The torrent rushed through the house, growing ever louder as it neared, until they could barely hear each other speak.
“Move!” Hellboy bellowed. He propelled them through the doorway and attempted to drag it shut behind him, but it wouldn’t close completely. “They’re going to find us once they calm down and start searching,” he added. “We need to find the Kiss of Winter quickly.”
“That’s all well and good,” William replied. “But what do we do when we have it?”
Hellboy didn’t have an answer.
They were in an ancient, brick-lined tunnel amid an intense smell of cold damp and great age. Water dripped from the ceiling to splash in puddles on the hard-packed earth floor, and salt encrusted the walls. Hellboy took the lamp that Brad had been holding and led the way quickly. The deeper they progressed into the tunnel, the more the storm of the wolves diminished until it became just a distant background drone.
“Looks like all those rumors about secret tunnels under Beacon Hill are true,” Hellboy said.
“Let’s hope that the other rumors aren’t,” William noted. “Like the one about the race of ghouls that live deep in the most ancient parts of the tunnel network, feeding on the dead.”

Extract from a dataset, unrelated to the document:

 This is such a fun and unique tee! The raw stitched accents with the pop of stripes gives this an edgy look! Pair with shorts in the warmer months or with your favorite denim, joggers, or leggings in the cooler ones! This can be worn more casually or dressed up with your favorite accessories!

“I’ve had enough ghost stories to last me a lifetime,” Lisa said. “Let’s just concentrate on the here and now.”
They came to a halt at a junction with tunnels branching off on either side. Hellboy raised the lamp to check in both directions, but there were no distinguishing features. “Which way now?”
“We haven’t got time to start wandering around down here!” Brad stressed.

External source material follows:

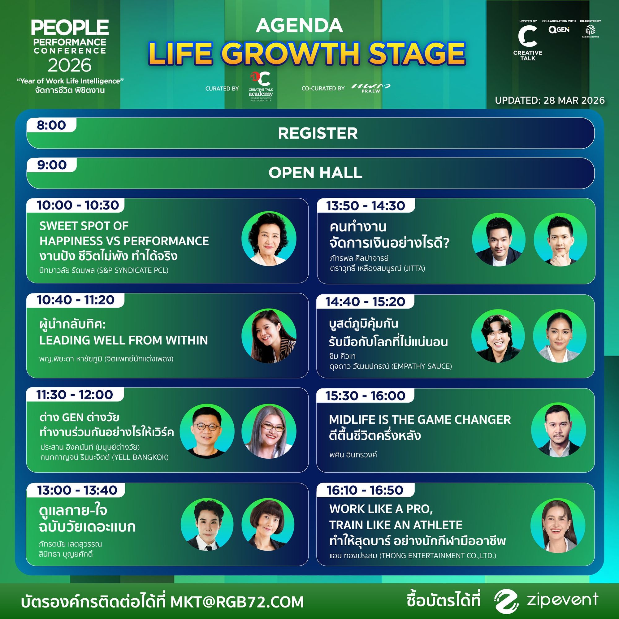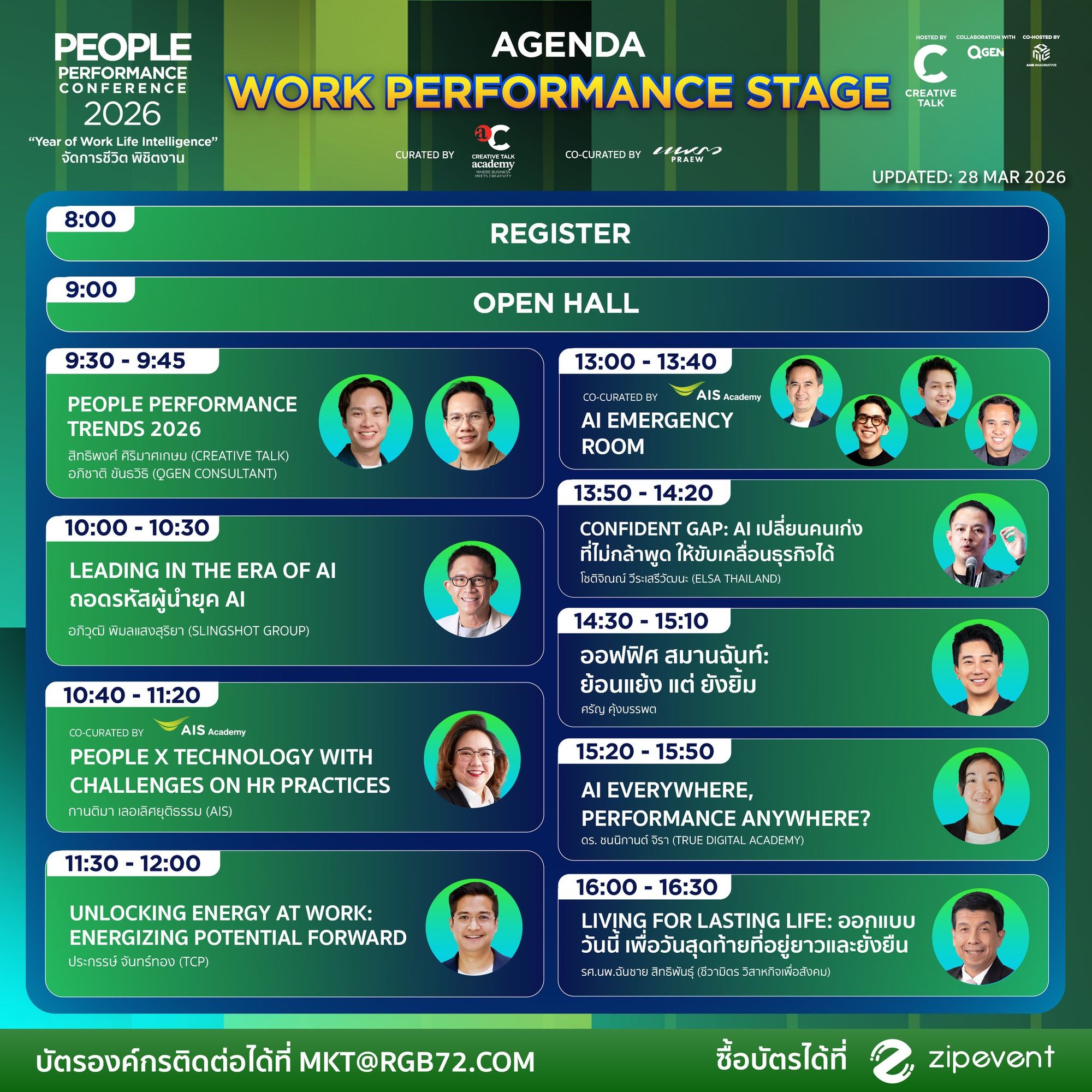 คำตอบทั้งหมดอยู่ในงาน PEOPLE PERFORMANCE CONFERENCE 2026 งาน Conference แห่งปีที่จัดโดย CREATIVE TALK ร่วมกับ AME IMAGINATIVE และ QGEN Consultant ปีนี้มาในธีมของ “Year of Work Life Intelligence” เมื่อโลกการทำงานวันนี้ไม่ได้ต้องการคนที่เก่งขึ้นเท่านั้น แต่ต้องการคนที่ “คิดเป็น จัดการชีวิตเป็น และทำงานร่วมกับความเปลี่ยนแปลงเป็น”

“Brad, stay calm,” William said. “We’ll get out of this if we work together.”
Brad quieted, but Hellbo
y could see the strain was starting to tell on all their faces. As he hesitated, he felt a gentle touch on his hand, although no one was near him. The opera glasses revealed Sarah, pale-faced and frightened.
“The tunnels remain part of the house, under the spell of the Kiss of Winter,” she whispered. Hellboy looked around, but no one else appeared to have heard her. “For now I can guide you, but very soon my influence will fade, as I will fade.” She smiled wanly. “I put my faith in you.”

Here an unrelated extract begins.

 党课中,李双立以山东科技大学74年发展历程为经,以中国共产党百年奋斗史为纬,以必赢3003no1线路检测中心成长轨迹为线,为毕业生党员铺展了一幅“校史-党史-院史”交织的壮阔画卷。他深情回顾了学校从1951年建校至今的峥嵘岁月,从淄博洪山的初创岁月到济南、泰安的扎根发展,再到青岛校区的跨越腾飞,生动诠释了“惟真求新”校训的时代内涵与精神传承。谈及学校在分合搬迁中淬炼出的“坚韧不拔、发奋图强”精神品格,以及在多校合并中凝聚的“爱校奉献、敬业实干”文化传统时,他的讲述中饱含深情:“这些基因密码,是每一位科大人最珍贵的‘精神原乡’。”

“We’re grateful for your help,” he whispered.
“Who are you talking to?” Lisa asked.
Hellboy explained as Sarah guided them left and along the tunnel for a little way, but true to her word, her image in the opera glasses became fractured and began to break up. She gave Hellboy one last, hopeful look and then she was gone.
“We’re on our own,” he said quietly.
Soon they came to another junction, this time with three more tunnels branching off.
“It’s a maze,” Lisa said desperately.
“There’s a logic to these,” Hellboy said. “Put your left hand against a wall and keep walking. Or is it your right hand?”
A low, desolate howl echoed dimly through the dark.
“Was that in the tunnels or still in the house?” Brad asked.
“I don’t feel like waiting to find out,” Hellboy said.
They chose one of the tunnels, but they hadn’t gone far along it when their way was blocked by a wall of rubble.
“Ceiling collapse,” Hellboy said.
“What if that’s the only way to the Kiss of Winter?” Lisa ran an anxious hand through her hair.
“You are so negative. Come on.” Hellboy led them back to the junction, where they selected another tunnel. Within a minute they came to another junction, and a minute later another, and five minutes after that they were completely lost.
“This is starting to get irritating,” Hellboy snapped.
From far behind them in the tunnel complex came the sound of a howl, followed swiftly by another, and then a sequence of roars as the wolves picked up the scent.